Wenngleich der Gesang, der dem Mund entweicht, nachdem er die weiße Hürde der Zähne überwunden hat, wie die Sprache in der Kehle geboren wird und denselben Weg wie sie nimmt, unterscheidet er sich dennoch und nicht allein wegen seiner melodiösen Natur von jener, sondern weil er offenbar aus weit größerer Ferne angereist kommt. Tatsächlich scheint er aus der Brustgrube selbst oder oft sogar aus dem tiefsten Grund der Eingeweide hochzuquellen, mit Schwingungen befrachtet, die nur die Ausdünstungen sind, mit denen er sich während seiner Latenzzeit in jener unterirdischen Welt gesättigt hat. Sei es die Stimme eines arabischen oder besser noch eines andalusischen Sängers, die sich eine Furt quer durch die Organe zu brechen scheint, sich den Kanal einer engen, doch ausreichend durchlässigen Ritze bohrt und selbst die tiefsten Muskeln berührt; sei es die Stimme eines Opernkünstlers, aus reinem Fels gebrochen oder im weichsten Stahl geformt, wenn es sich um einen Sänger handelt; eine Stimme, die der schwülen Atmosphäre eines Treibhauses entströmt oder sich in zerbrechlichen Glasfasern spannt, wenn es sich um eines jener Geschöpfe handelt, die man statt "Sängerinnen" lieber "Primadonnen" nennt, obwohl der "Primadon" als Gattung unbekannt ist; sei es eine Allerweltsstimme, die dem beliebigsten Wesen zur fadesten Romanze oder zum albernsten Refrain dient: geheimnisvoll ist die singende Stimme verglichen mit der sprechenden Stimme.

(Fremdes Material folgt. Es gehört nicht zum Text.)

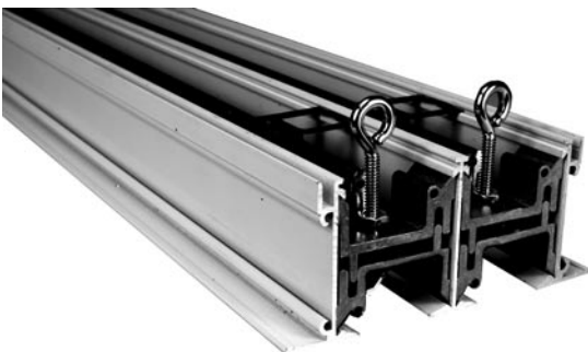
G. EYE BOLTS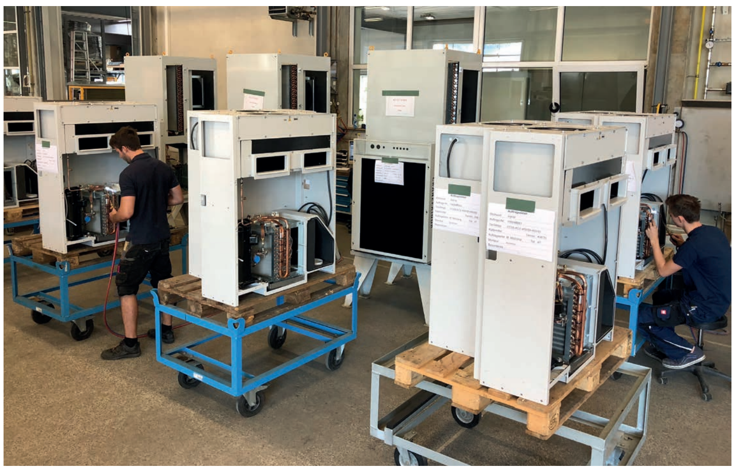
In the main plant in Amtzell, Germany all products made by FrigorTec GmbH are developed, constructed and produced. Every device passes a quality inspection with test runs before delivery. FrigorTec solutions are sold in over 84 countries through our worldwide distribution network.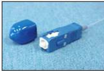
PM- SC Connector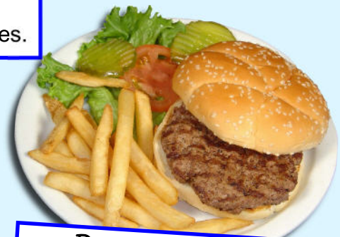
Burger Master A juicy burger served with French fries or steamed vegetables.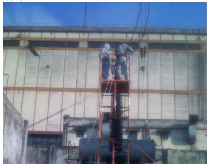
Fig.1: Damaged jumpers being repaired by Hotline unit

After inspecting the work spot, work was started on 31/01/2008 afternoon. Fig.1 shows damaged jumpers being repaired by Hotline unit. Bypass arrangement with flexible copper link was provided from bushing terminal clamp rod to the twin jumpers for both the individual bushings. This resulted in reduction of temperature from 125 0 C to 40 0 C. The dislocated strands of the conductors were repaired by using Hotline technique. Fig.2 shows repaired jumper after Hotline work.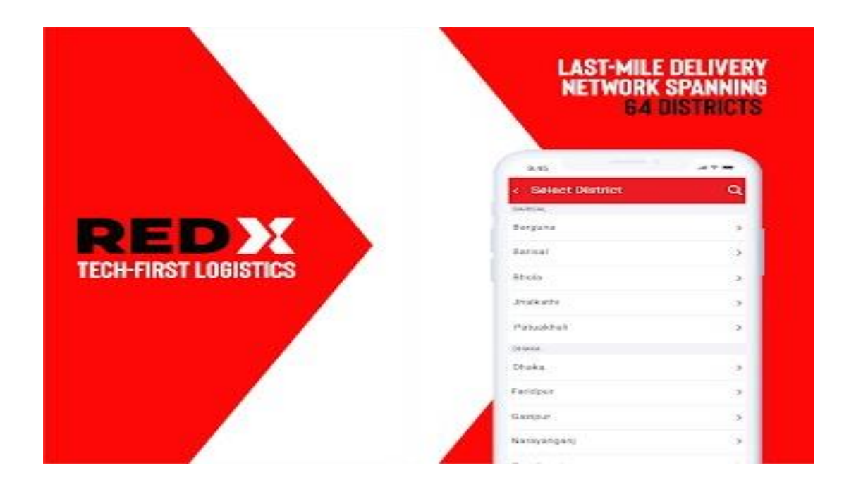
Figure: Redx Delivery Apps of Redx Logistics Limited

a. Pickup Order at Retailer: Redx is introducing applications for Retailer. Apps are used by the merchant to build their account. Via apps, the merchant sent a request for pick-up of his or her package. next the merchant enters the customer's name, address, phone number, and COD amount.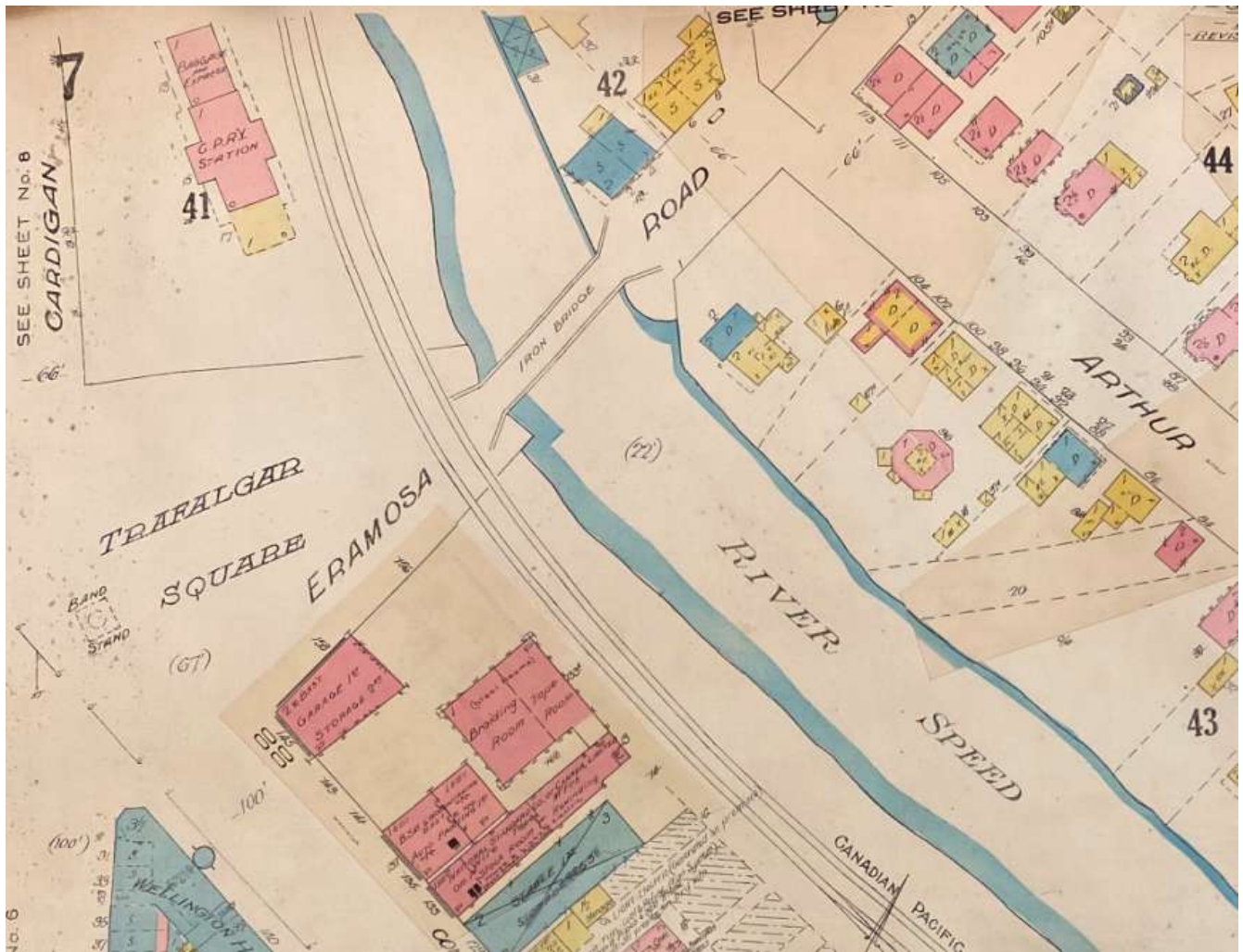
CPR Station, Underwriters Survey Bureau Fire Insurance Plan, March 1922, revised to October 1929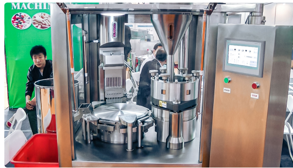
Automatic equipment for filling hard gelatin capsules with powder in pharmaceutical...

Pharmaceutical Tablet Press · 10.12.2020 · 105.410K views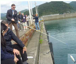
trying bonito pole-and-line fishing

From October 25 to 26, the Ministry of Foreign Affairs and Kochi Prefectural Government co-organized Ambassadors' Study Tour to Kochi Prefecture. In the tour, ambassadors visited disaster prevention facilities for tsunami and earthquake and had discussions of related matters. The ambassadors also visited Kochi's traditional industrial facilities - paper and Sake brewing factories. Furthermore, the ambassadors heard explanation about the Kochi's efforts for protection of sustainable fishing industry and water resources in Kure Harbor, which is famous for Katsuo Ippon-Zuri (bonito pole-and-line fishing).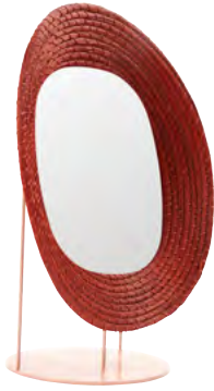
terracotta/pink sand 00AMK3-7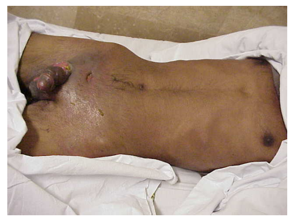
Fig.1: Close up photograph of patient

Surgical intervention is regarded as one of the major causes of development of fecal fistula in adults.<sup>5, 8,9</sup> The use of prosthetic material has been reported as the cause of fecal fistula in some studies<sup>9</sup>. Repeated treatment of scrotal hernia by native doctor has also been reported as a cause of multiple urinary and fecal fistulae in one study.<sup>8</sup> The incision of hernia by herbalists as well as intervention by quacks has been reported as the cause of fecal fistula in adults.<sup>5</sup> None of these interventions was observed as a cause of fecal fistula in our patient.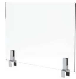
2 brackets for panel toppers up to 42" wide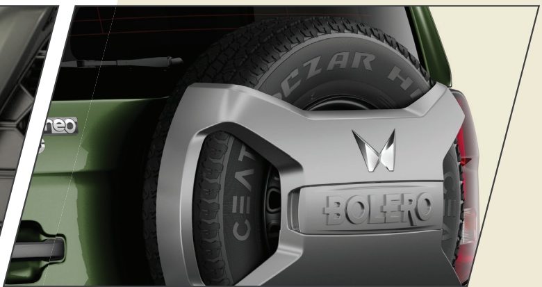
Signature Bolero branding on spare wheel cover

Das Geheimnis – wenn man unbedingt den Bedürfnissen der Rede folgen und dem eine Gestalt geben will, was per definitionem keine hat – kann dargestellt werden als eine Marge, eine Franse, die das Objekt umrandet, es isoliert und gleichzeitig seine Gegenwart betont, es maskiert und gleichzeitig bestimmt, es in eine Harlekinade von Fakten ohne erkennbaren Faden noch Grund einflicht, während gleichzeitig die besondere Farbe, die es ihm gibt, es dem sumpfigen Boden entzieht, wo das Gemeine der Fakten sich klumpt. Verglichen mit dem normalen Vortrag besitzt der musikalische Vortrag offenbar die Gabe eines ähnlichen Irisierens, im Feenmantel, der Indiz ist für eine Komplizität zwischen dem, was so aussehen könnte, als sei es nichts als eine menschliche Stimme, und den Rhythmen der Fauna, der Flora, ja selbst des Mineralreichs, wo jeder Anflug einer Geste sich in eine erstarrte Form umschreibt. Und geht man von der gesprochenen Sprache – die selbst recht rätselhaft ist, denn erst in dem Augenblick, wo sie, ob auf äußerliche Weise oder nicht, formuliert ist, wird das Denken wirklich – zur gesungenen Sprache über, steht man vor einem Rätsel zweiten Grades, da man in einem Sinn körperlichen Strukturen näher ist (deren direkte Frucht jede ausgesandte Note zu sein scheint) und sich mithin offenbar auf festem Boden zu befinden wähnt, man aber in Wahrheit sein Herz den Fängen des Unaussprechlichen geöffnet hat und die Linie der Melodie sich liest wie die Übersetzung in ein rein klangliches Idiom dessen, was mit dem Medium der Wörter unsagbar bliebe. Und wenn die Quelle des Gesangs statt eines menschlichen Mundes (das heißt eines Organs, das wir mehr oder weniger gut kennen) ein mechanisches Gerät ist, das der ohnehin vorhandenen Fremdheit des musikalischen Vortrags noch die Überraschung seiner Wiedergabe hinzufügt, steht man im Grunde vor einem fast reinen Mysterium.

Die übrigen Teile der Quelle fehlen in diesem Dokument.